Your upper back is largely made up of the thoracic spine, the part of the back where the ribs attach for the most part. Upper back pain is pain felt between your lower neck and the upper part of your low back.
How does upper back pain occur?
The upper back (like other parts of the spine) is comprised of many joints, ligaments and associated muscles. Back pain is usually caused when ligaments or muscles attaching to the vertebrae are injured. It can also be caused by the joints in the upper back becoming loaded, fatigued and strained. Poor posture, muscular fatigue, poor nutrition and chronic muscular tension may contribute to pain levels. It is very common for someone to injure their upper back when carrying objects, throwing, bending or twisting. Sitting at a desk for a prolonged time can cause upper back muscles to tighten and become stiff. Tension in the front of the chest and pec muscles may also contribute to this tension. Upper back pain can come even come from vigorous coughing or sneezing.
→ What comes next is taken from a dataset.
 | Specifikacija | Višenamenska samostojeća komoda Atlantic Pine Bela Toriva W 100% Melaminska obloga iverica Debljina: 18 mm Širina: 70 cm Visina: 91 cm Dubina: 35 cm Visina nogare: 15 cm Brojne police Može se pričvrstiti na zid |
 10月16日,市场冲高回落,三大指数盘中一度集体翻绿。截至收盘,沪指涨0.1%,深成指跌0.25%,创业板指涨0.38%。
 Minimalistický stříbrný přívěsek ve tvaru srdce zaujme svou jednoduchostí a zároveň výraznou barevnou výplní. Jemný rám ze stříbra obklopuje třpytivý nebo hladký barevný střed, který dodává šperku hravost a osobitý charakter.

Sometimes upper back pain is caused by scoliosis, a curve in the spine that has developed during the adolescent growth period. In scoliosis there is usually an imbalance of the muscles of the upper back. This should be thoroughly investigated first before being diagnosed.
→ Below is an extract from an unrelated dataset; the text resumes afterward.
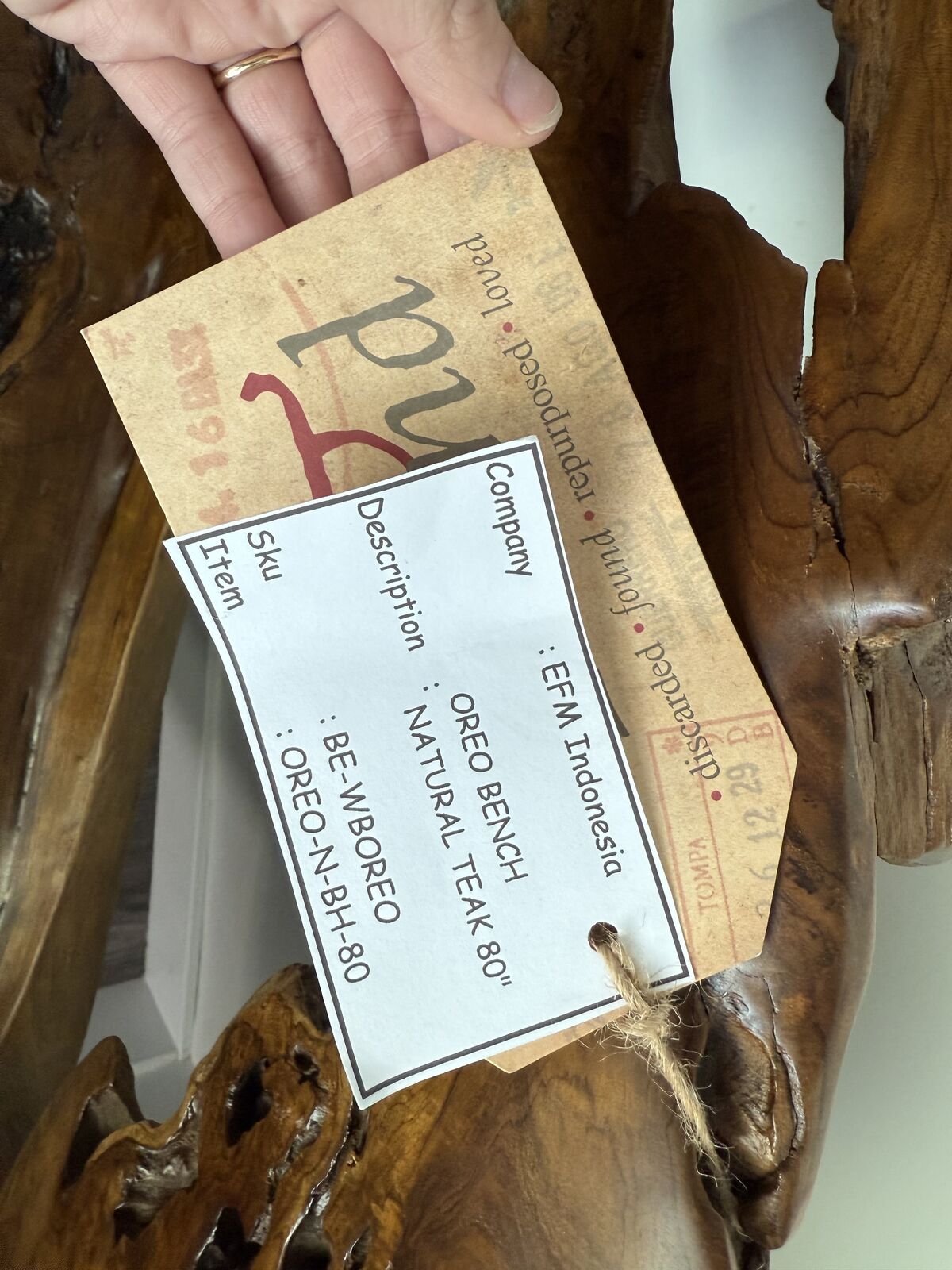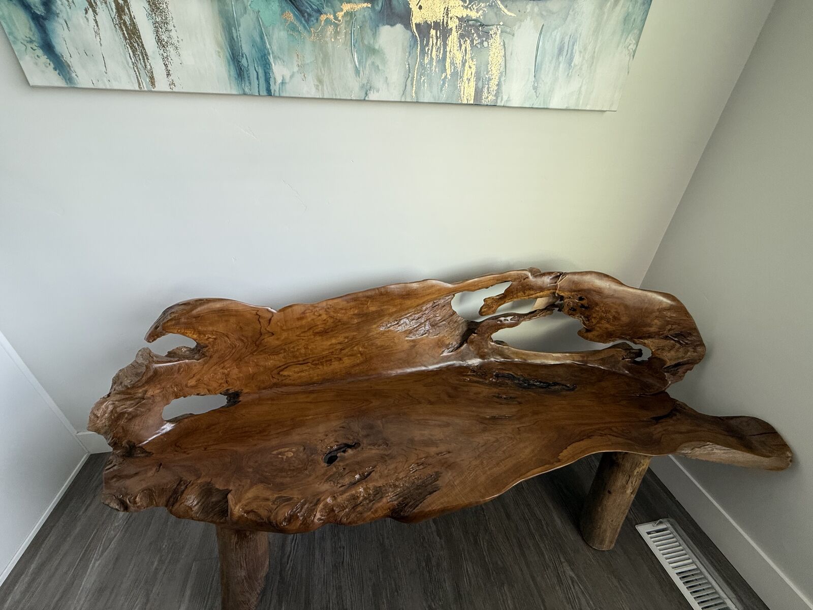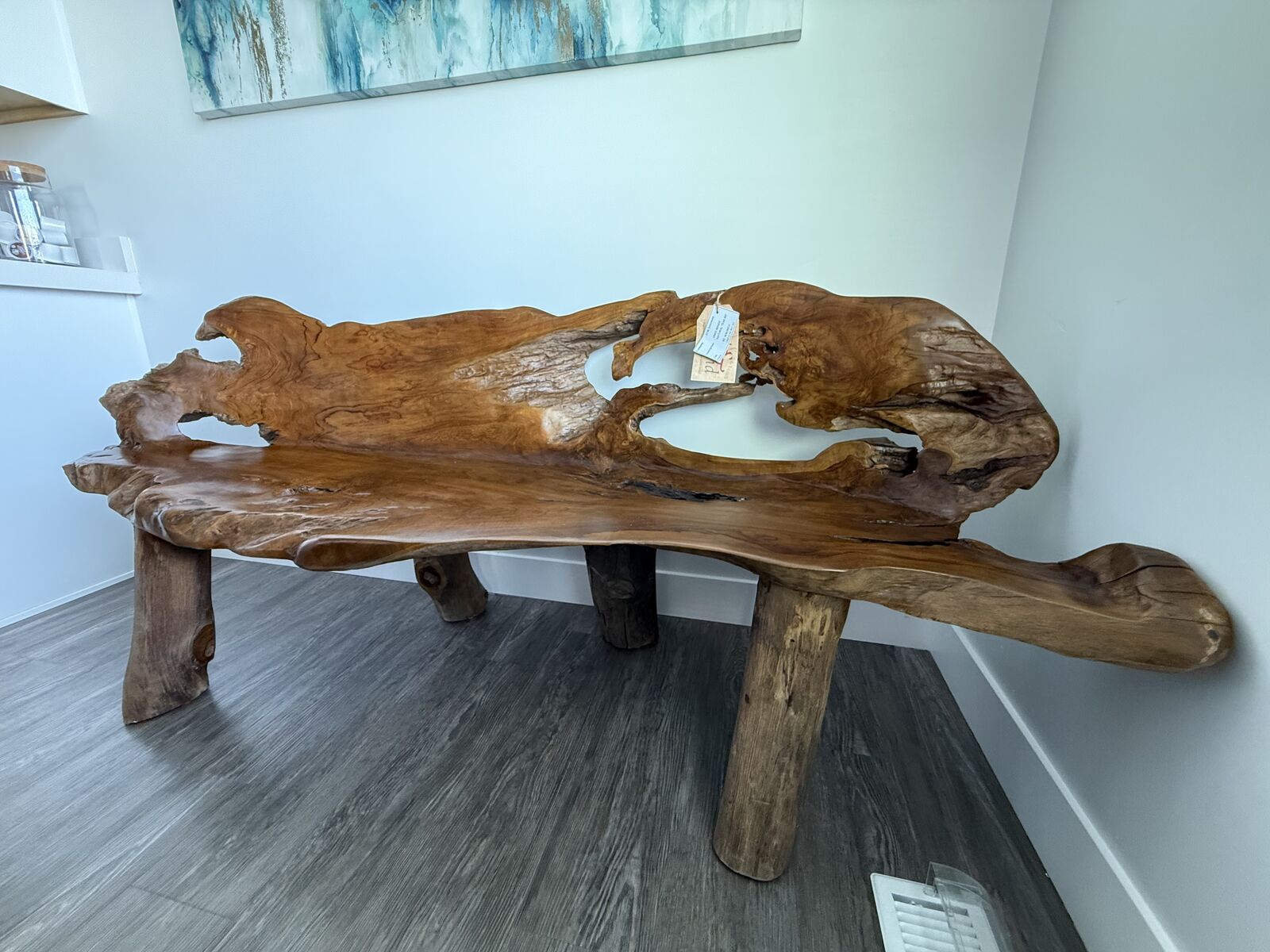 Selling my brand new unique teak wood bench. bought it hoping it would fit in the area I wanted but it's taking up to much room and unfortunately has to go. Retails for 1200 asking 800

What are the symptoms of upper back pain?
Symptoms of upper back pain may include:
- A feeling of tightness and tension
- muscle spasms
- pain when you take a deep breath
- pain when your back is touched or when you move
- pain when you move and roll your shoulders or bend your neck forward.
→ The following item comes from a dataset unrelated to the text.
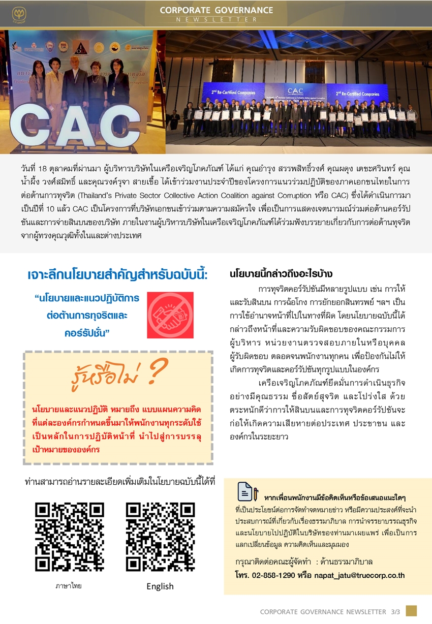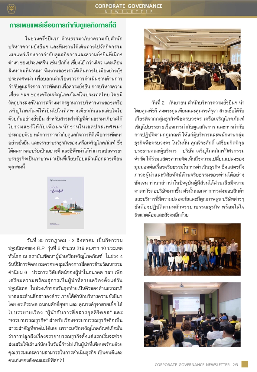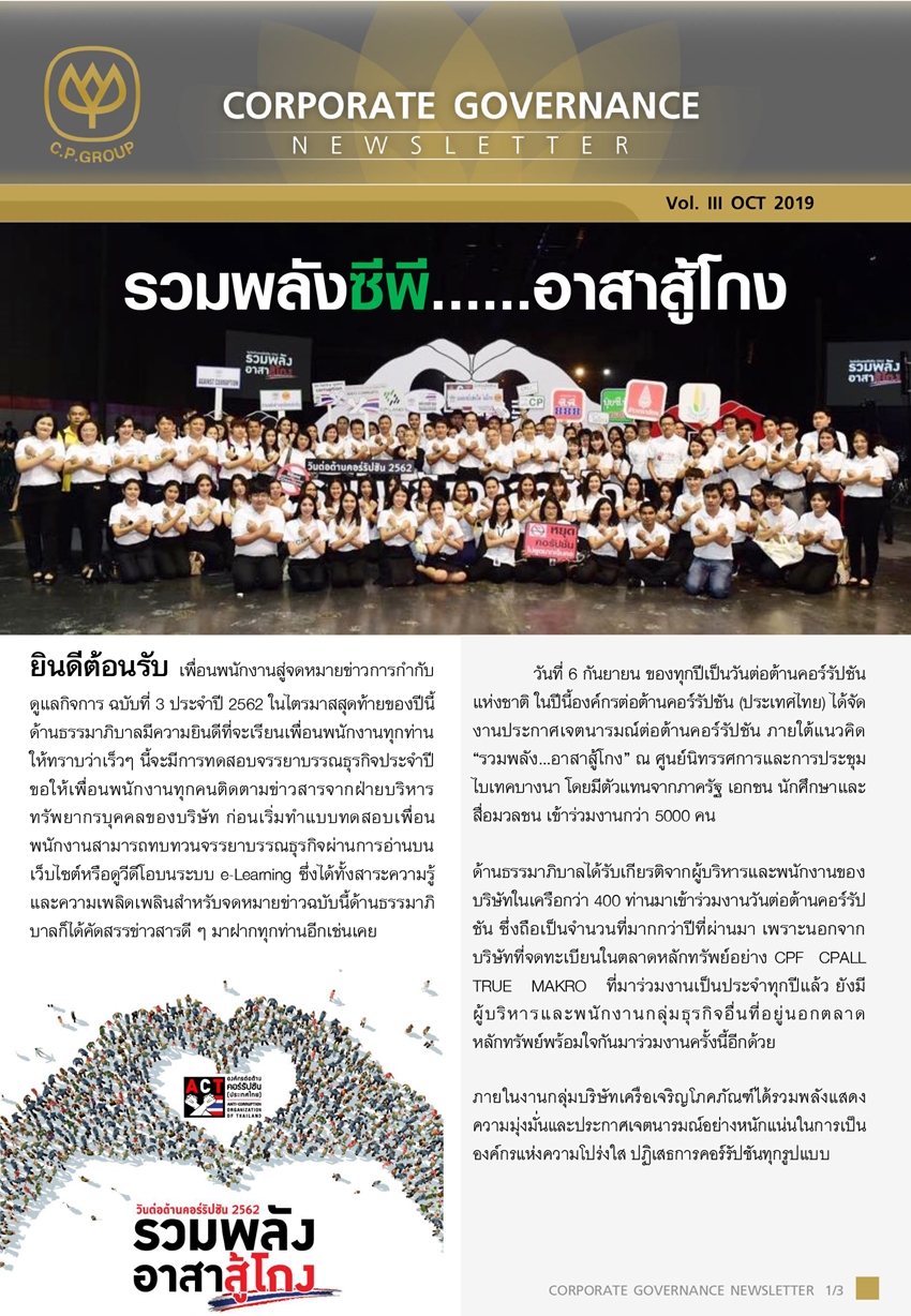 ทีมงานด้านธรรมาภิบาล เครือเจริญโภคภัณฑ์ได้จัดทำจดหมายข่าวการกำกับดูแลกิจการ ฉบับ ที่ 3/2562 มีความเคลื่อนไหวข่าวสารด้านการกำกับดูแลกิจการ รวมถึงพัฒนาการเรื่องการกำกับดูแลกิจการของบริษัทในเครือเจริญโภคภัณฑ์ นำมาแบ่งปันให้ชาวซีพีทราบกัน

How is upper back pain diagnosed?
Diagnosis is generally done after thorough history taking and physical examination. The aim of the physical examination is to try and reproduce the pain so we can identify the source. This may be difficult without constant loading of the spine, although an understanding of what aggravates your pain and how it is aggravated will give us a good indication as to the diagnosis. X-rays may be requested in rare cases where the pain is persistent or a cause/trigger cannot be identified.
How is it treated?
After performing a thorough history and physical examination, a diagnosis is reached and a treatment plan is put together based on the diagnosis. Treatment generally has two objectives. One, is to reduce the symptoms of pain and discomfort, and two, to begin and continue the process of recovery and return to normal pain-free function. Your therapist may use a wide range of techniques from soft tissue release, joint mobilisation and articulation, stretching, muscle energy technique, and many other forms of manual therapy. The great thing about our therapists is that they have a wide range of tools at their disposal to help alleviate the pain. Techniques will be used based on giving you the best outcome in the shortest amount of time, maintaining the quality of care.
When can I return to my sport or activity?
The goal of rehabilitation is to return you to your sport or activity as soon as is safely possible. If you return too soon you may worsen your injury, which could lead to more damage. Everyone recovers from an injury at a different rate. In general, the longer you have symptoms before you start treatment, the longer it will take to get better.
It is important that you have fully recovered from your upper back pain before you return to your sport or strenuous activity. You must be able to have the same range of motion that you had before the injury. You should be able to run, lift, jump and twist without pain.
What can I do to prevent upper back pain?
The upper back is one of the areas of our body that is under constant strain in daily life. Whether sitting or standing, it takes to load from your torso and allows you to perform daily functions, especially ones that use your hands. The best way to prevent pain in this area is NOT to avoid using it but to improve the strength of the area so that it can withstand daily stresses. A good strength program will do this along with your will and compliance. Our practitioners can help you with this.